**INSTRUCTIONS TO FOLLOW:** An exact copy is needed of the lines from the one that contains "Rychlý test na" through the final line of the data below, with pictures left out.

*** DATA SUPPLIED

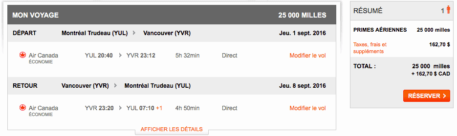 Autrement dit, vous faites ici une excellente utilisation des miles Aéroplan puisque, une fois les taxes payées, vos 25 000 miles vous auront fait épargner 744$ (vous faisant retirer quasiment 3 cents par mile alors qu’on estime la valeur d’un mile à 1,7 cent!).
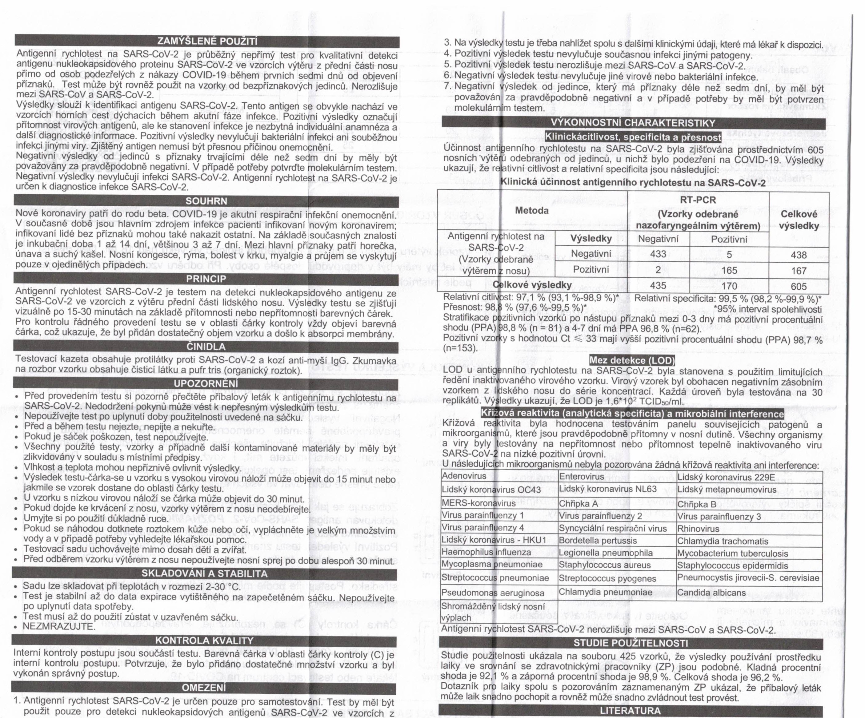 Rychlý test na detekci Antigenu Covid-19 je imunologický test pro kvalitativní detekci specifických antigenů SARS-COV-2 přítomných v nosu člověka. I když výrobce připouští možnost výtěru z nosohltanu nebo krku. Výsledek do 15 minut.
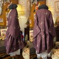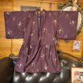 【着物 2way ガウン 羽織り ドレス ワンピース ハンドメイド 和洋折衷 洗える 化繊 リメイク 帯サッシュベルト レトロ 古着 深い葡萄茶にほのかな艶。 KD-56 】
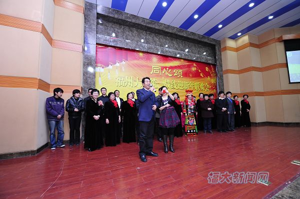 新闻中心讯/ 2011年12月30日下午,福州大学统一战线在怡山校区科报厅举行“同心颂”迎新年联欢会,校领导陈永正、王健应邀参加,机关各部处领导、各学院党委、各党总支及直属党支部书记、统战委员与学校各级人大代表、政协委员、各民主党派、统战团体成员、无党派人士以及少数民族师生代表等共400余人欢聚一堂,畅叙情谊,共迎新年。
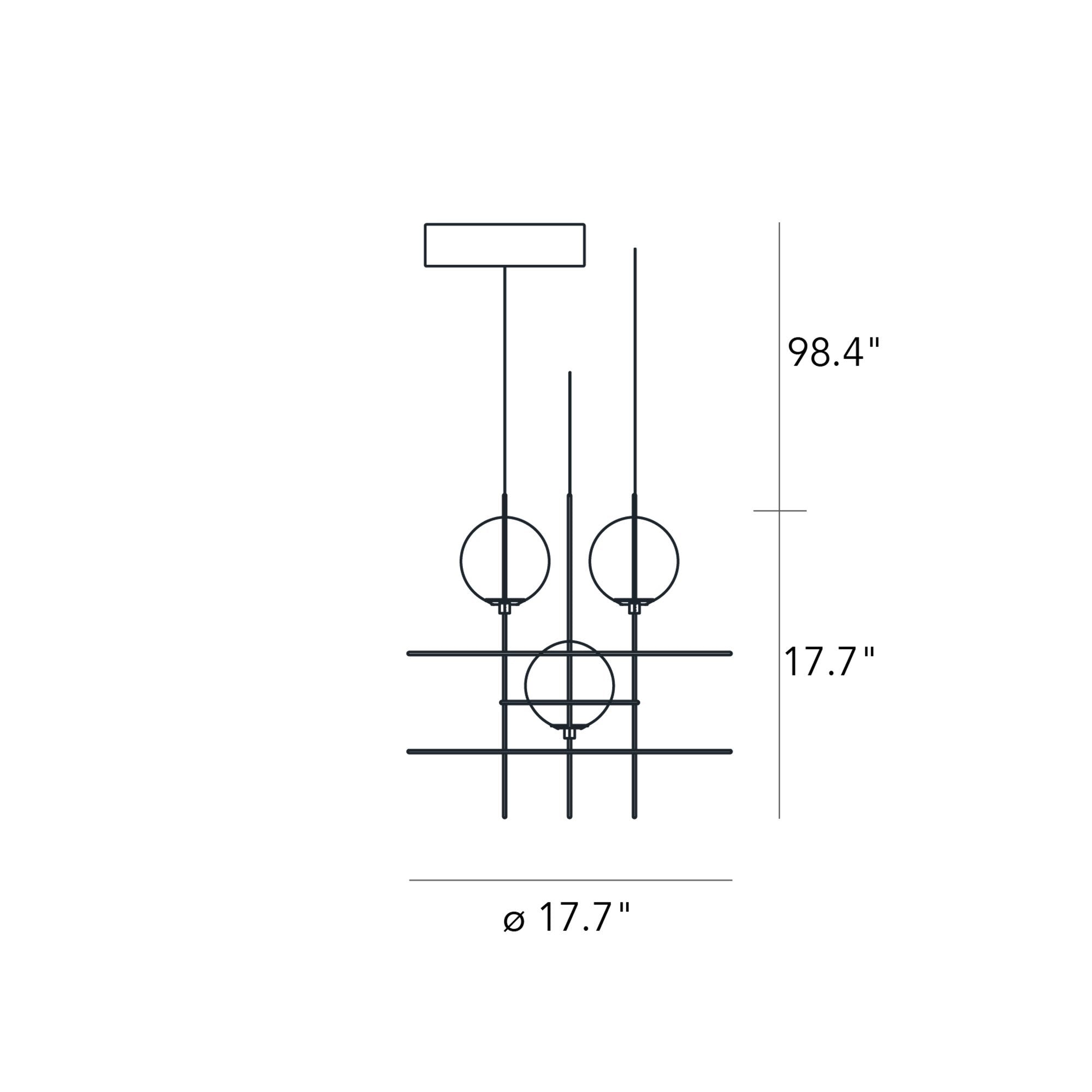 - Small (3-Light): 17.7"D X 17.7"H; 98.4" max height
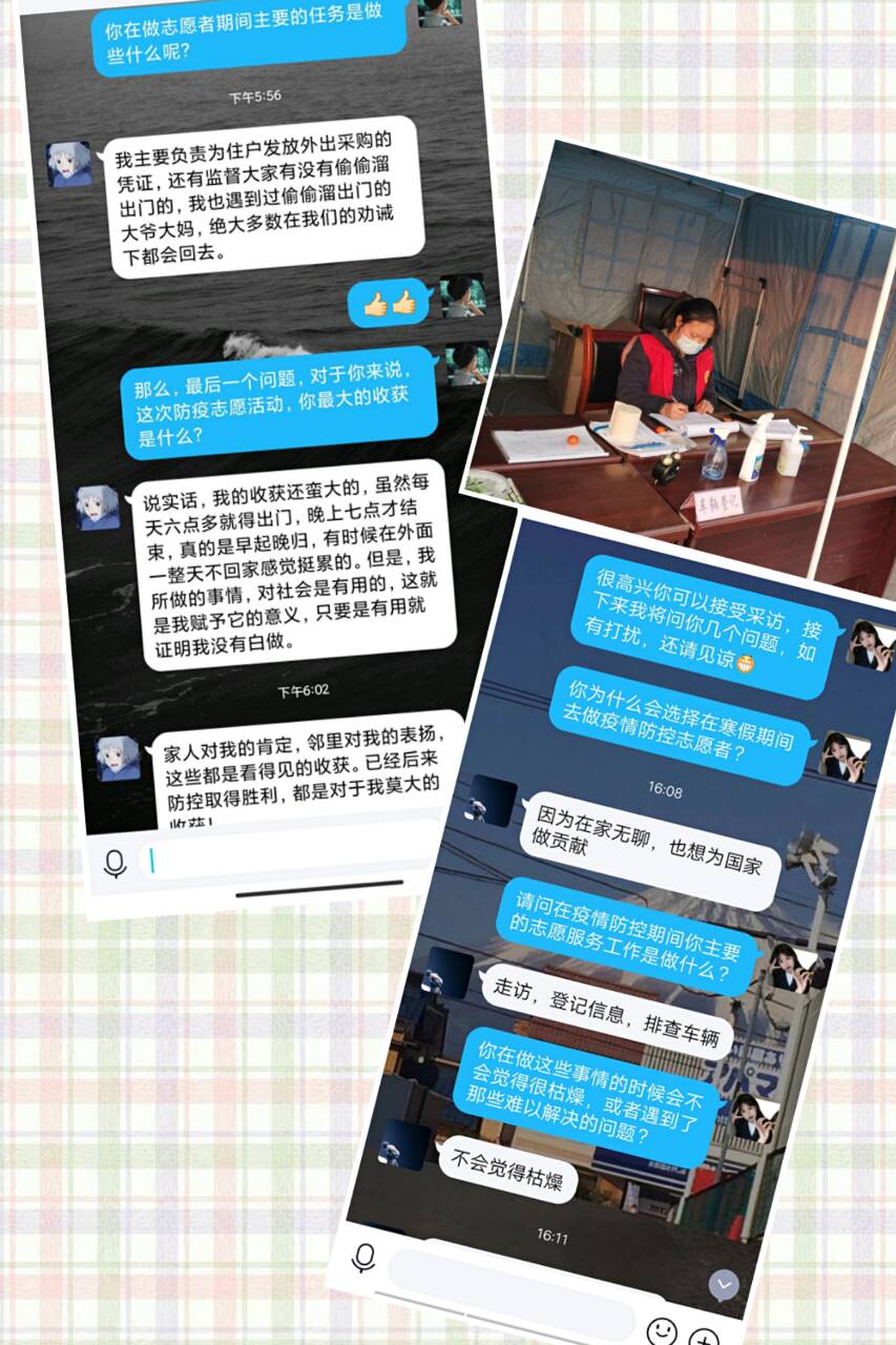一个人的走访调研,是枯燥乏味的,但看到愿意填写调查问卷和接受采访的人们,那些枯燥、疲劳都烟消云散了。在居民社区调查时,由于年龄段不统一,就需要采用不同的方式方法完成此次调研。广泛的调研群众与受众人群,大大提高了调查效果的最优化。90后、00后在此次疫情防控的大局下,展现了有担当、义不容辞的青年品格。小小的基层志愿者,藏着大大的能量,通过采访地区的疫情防控志愿者,发现志愿活动可以影响很多人,他们并不认为做志愿者很麻烦,而是认为这样的机会很有趣、很难得。其中,有位被采访者说道:“在奉献的过程中,收获了认可与肯定,给我带来了快乐。”这样的精神值得所有人去学习,调研的过程与采访都是别有一番趣味,听着他人的分享,回看当下的形式,展望美好的未来。

******

**EXERCISE RESULT:**
 Rychlý test na detekci Antigenu Covid-19 je imunologický test pro kvalitativní detekci specifických antigenů SARS-COV-2 přítomných v nosu člověka. I když výrobce připouští možnost výtěru z nosohltanu nebo krku. Výsledek do 15 minut.
 【着物 2way ガウン 羽織り ドレス ワンピース ハンドメイド 和洋折衷 洗える 化繊 リメイク 帯サッシュベルト レトロ 古着 深い葡萄茶にほのかな艶。 KD-56 】
 新闻中心讯/ 2011年12月30日下午,福州大学统一战线在怡山校区科报厅举行“同心颂”迎新年联欢会,校领导陈永正、王健应邀参加,机关各部处领导、各学院党委、各党总支及直属党支部书记、统战委员与学校各级人大代表、政协委员、各民主党派、统战团体成员、无党派人士以及少数民族师生代表等共400余人欢聚一堂,畅叙情谊,共迎新年。
 - Small (3-Light): 17.7"D X 17.7"H; 98.4" max height
一个人的走访调研,是枯燥乏味的,但看到愿意填写调查问卷和接受采访的人们,那些枯燥、疲劳都烟消云散了。在居民社区调查时,由于年龄段不统一,就需要采用不同的方式方法完成此次调研。广泛的调研群众与受众人群,大大提高了调查效果的最优化。90后、00后在此次疫情防控的大局下,展现了有担当、义不容辞的青年品格。小小的基层志愿者,藏着大大的能量,通过采访地区的疫情防控志愿者,发现志愿活动可以影响很多人,他们并不认为做志愿者很麻烦,而是认为这样的机会很有趣、很难得。其中,有位被采访者说道:“在奉献的过程中,收获了认可与肯定,给我带来了快乐。”这样的精神值得所有人去学习,调研的过程与采访都是别有一番趣味,听着他人的分享,回看当下的形式,展望美好的未来。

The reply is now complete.